There are old churches in the villages, some of which look like they haven't had anything done to them since they were built. One, San Pedro de Esperante in the township of Seoane, has an old slate roof, plaster falling off its walls, and doors that look a couple of centuries old. It looks older than our parish church, built in the sixteenth century, but it's actually a hundred years younger. The cemetery is well kept up, though, with slope-roofed niches. The name of the place apparently comes from a Roman called Speranti, who mined for gold at a field nearby where there's a camping site now. 

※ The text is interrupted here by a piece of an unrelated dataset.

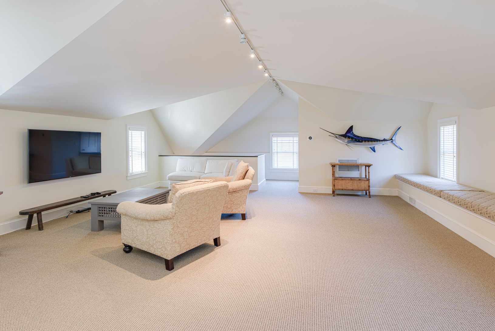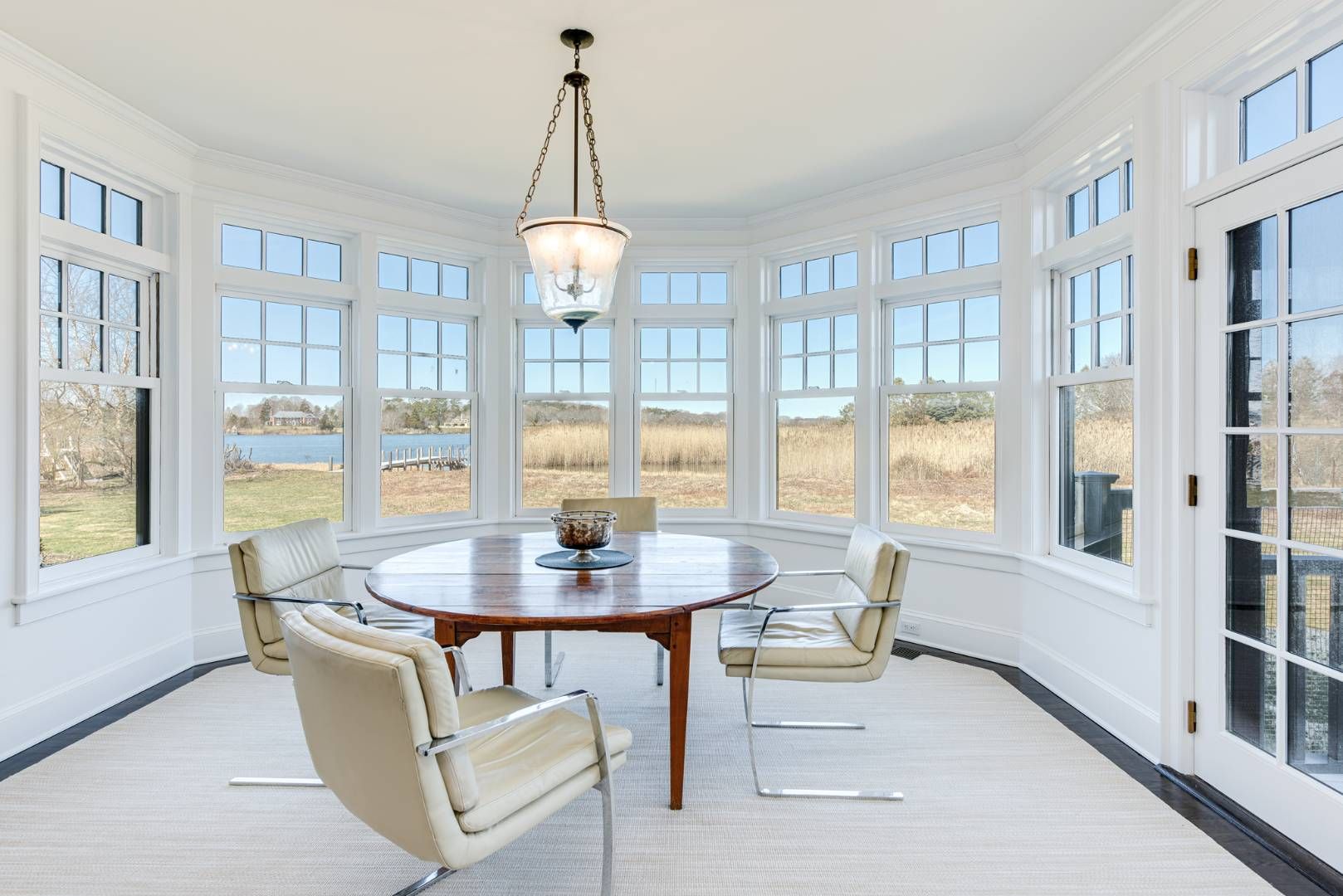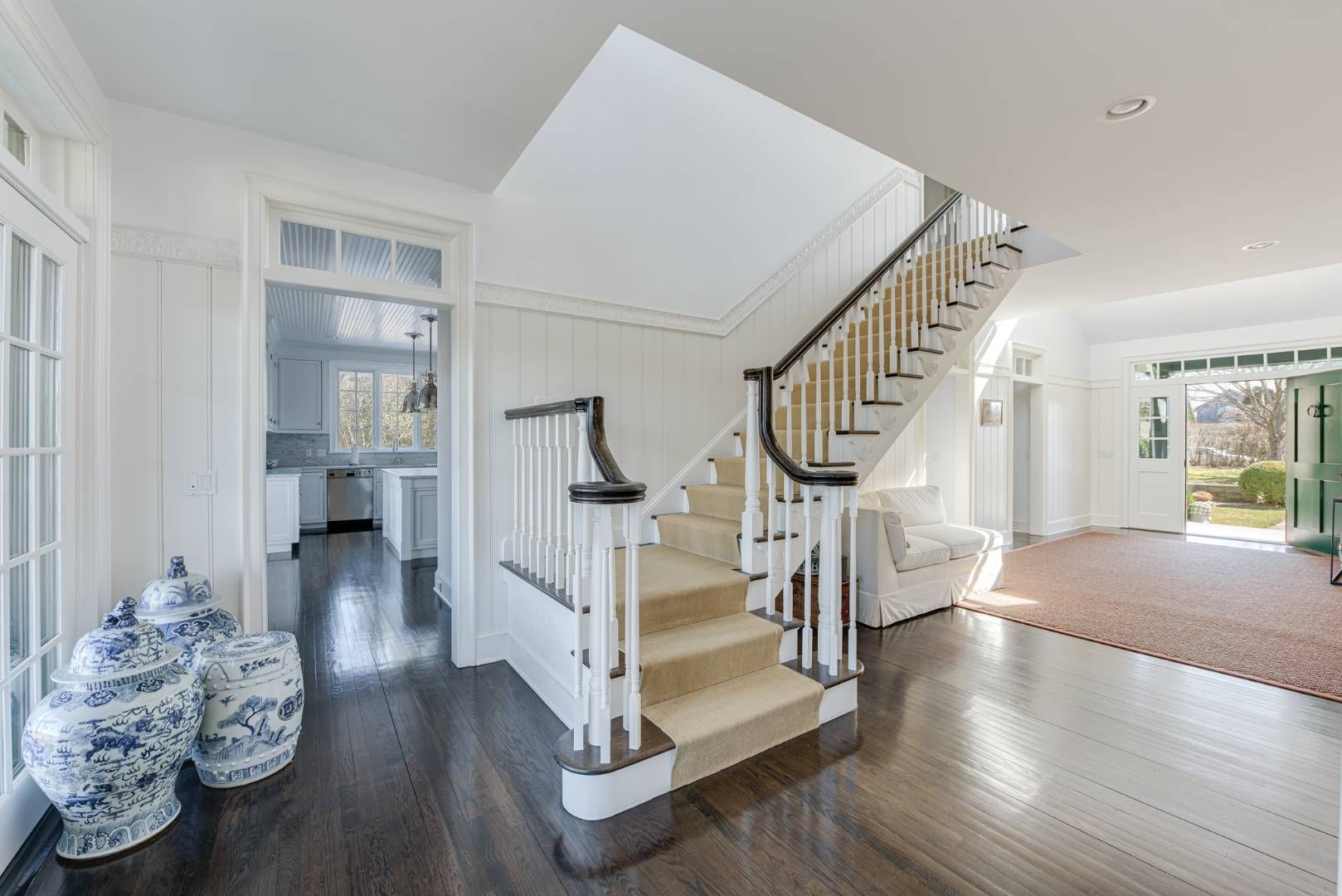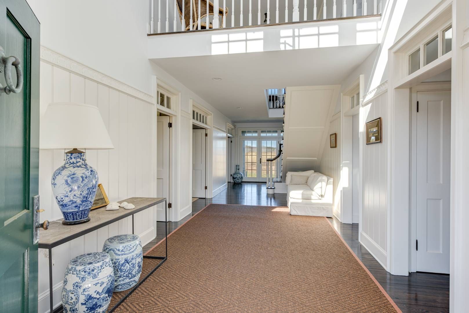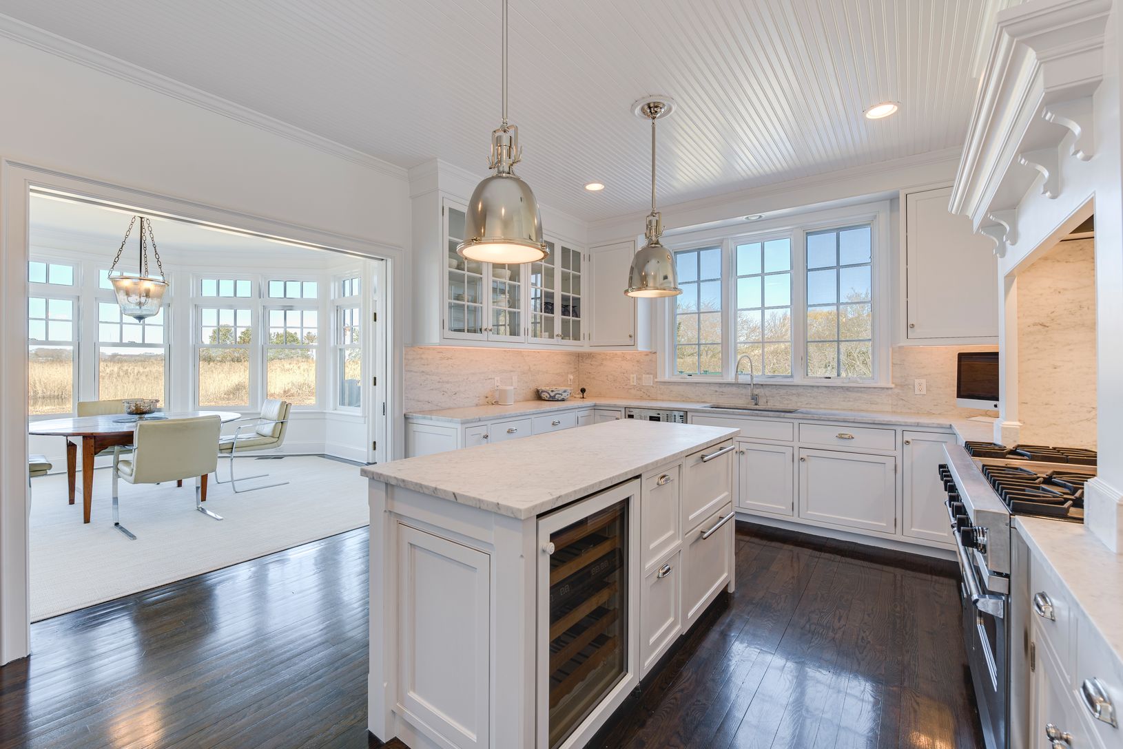 Traditional, custom-designed 4,000 +/- sq. ft. residence enjoys an outstanding waterfront location on Hayground Cove. The two-story house features four bedrooms, four and one-half baths, three fireplaces and a wraparound porch. One is greeted by a spacious foyer which gracefully leads to the library with fireplace and the living room over-looking the backyard. There is a well-equipped kitchen with island and butler's pantry just off of the ful

There's plenty of iron in the hills, too. We re-stumbled upon a smithy that was over two hundred years old. It's in the appropriately named village of Ferrería, near Seoane. (Ferrería means smithy.) The building is made of slate, and is in private hands, though the regional government plans to, at some time in the future, make an ethnographical museum. The smithy has a sign saying, "Gran Ferrería Locay," and is named for the man who came from making a fortune in Cuba in 1918, and bought it as an inversion. He converted it into an electric plant, giving electricity to seven villages, a mill, and a sawmill; and all that using hydraulic power from the river that runs next to it. 

Before that, though, it was a smithy with a past. In 1808, the present building was erected upon a site where a smithy had already existed for many years. It coincided with the Napoleonic wars, and an artillery general, knowledgeable of the smithys of the area, came by to ask a favor. From then until the end of the War of Independence, the smithy made weapons and canons for the insurgents and the British troops. After that, it was sold to a priest, who left it to his family in his will (what vow of poverty?). 

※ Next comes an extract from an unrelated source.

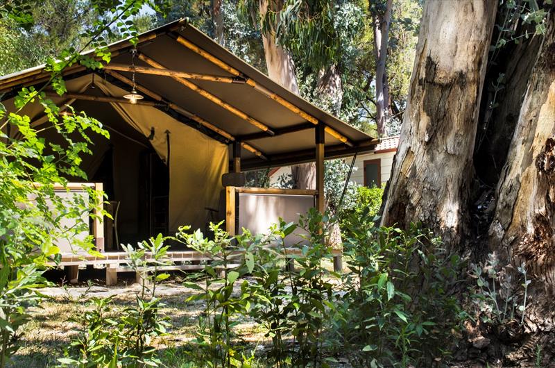 case mobili e tenda con soppalco, dotate di due/tre camere da letto, uno/due bagno con doccia, aria condizionata, super accessoriate; macchina del caffè, phone, cassaforte, forno a microonde, TV, lavastoviglie, barbecue a gas, Jacuzzi, una vacanza di lusso.
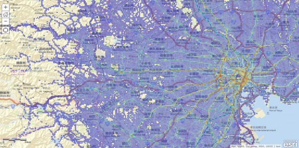 *2 ArcGISは、Esri社が提供するGIS 製品、サービス群の総称です。今回の高精度な予測結果の可視化には、クラウドサービスであるArcGIS Onlineを採用しました。ArcGIS Online では、背景地図やデータコンテンツを自由に変更することができるほか、様々なデバイスに対応しています。GISデータを可視化するツールでありながら、同時にGUI ベースでWebアプリケーション作成機能を備えており、設定のみでアプリケーションを構築、公開することが可能です。

The area is quiet. There is an area next to the river with tables and chairs, where drinks and food are served in the summer. When we were there, it seemed closed. September is no longer summer, it seems. That area and the smithy still belongs to the descendents of the man who bought the smithy and the surrounding land in 1918. The smithy was restored by the regional government in the late 1990's, and was supposed to be open to the public. But differences between the government and the owners meant that it is only open once a year, when the owners have a musical jamboree night at the beginning of August. 

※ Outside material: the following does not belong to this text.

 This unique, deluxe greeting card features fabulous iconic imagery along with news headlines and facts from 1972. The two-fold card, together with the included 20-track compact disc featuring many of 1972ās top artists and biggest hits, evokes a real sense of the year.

From there we continued to the town on the edge of the regional map, Cebreiro. That town is famous for being the first stop in Galicia for those walking the Way of Santiago. Normally, it is filled with pilgrims stopping over in its pensions and hostels. The town now lives from the business of feeding and housing pilgrims. It also has a miraculous chalice housed in the church. In Spain there are at least two places that lay claim to the Holy Grail. O Cebreiro boasts its own holy chalice. The story goes that around a thousand years ago, there was a priest there who was beginning to doubt the Transubstantiation - the transformation of bread and wine into the body and blood of Jesus. One wintry evening, snow tumbling around and wind whistling, he was preparing for evening Mass in an empty church. As he was beginning the Offertory, the door opened and a pious man arrived. As the man kneeled in his pew, the priest thought, "Poor man, trudging on such a night just to kneel before a piece of bread and a cup of wine." At that moment, the bread turned into a piece of flesh, the wine into blood, and the priest understood he had been wrong. At that moment he fell down, dead, and the chalice and paten were preserved as a remembrance of that miracle. 

These hills and valleys have hidden gems and untold stories that would fill volumes. All the greens of the universe are there; stones almost as old, as well. We've been four times, we will return many more.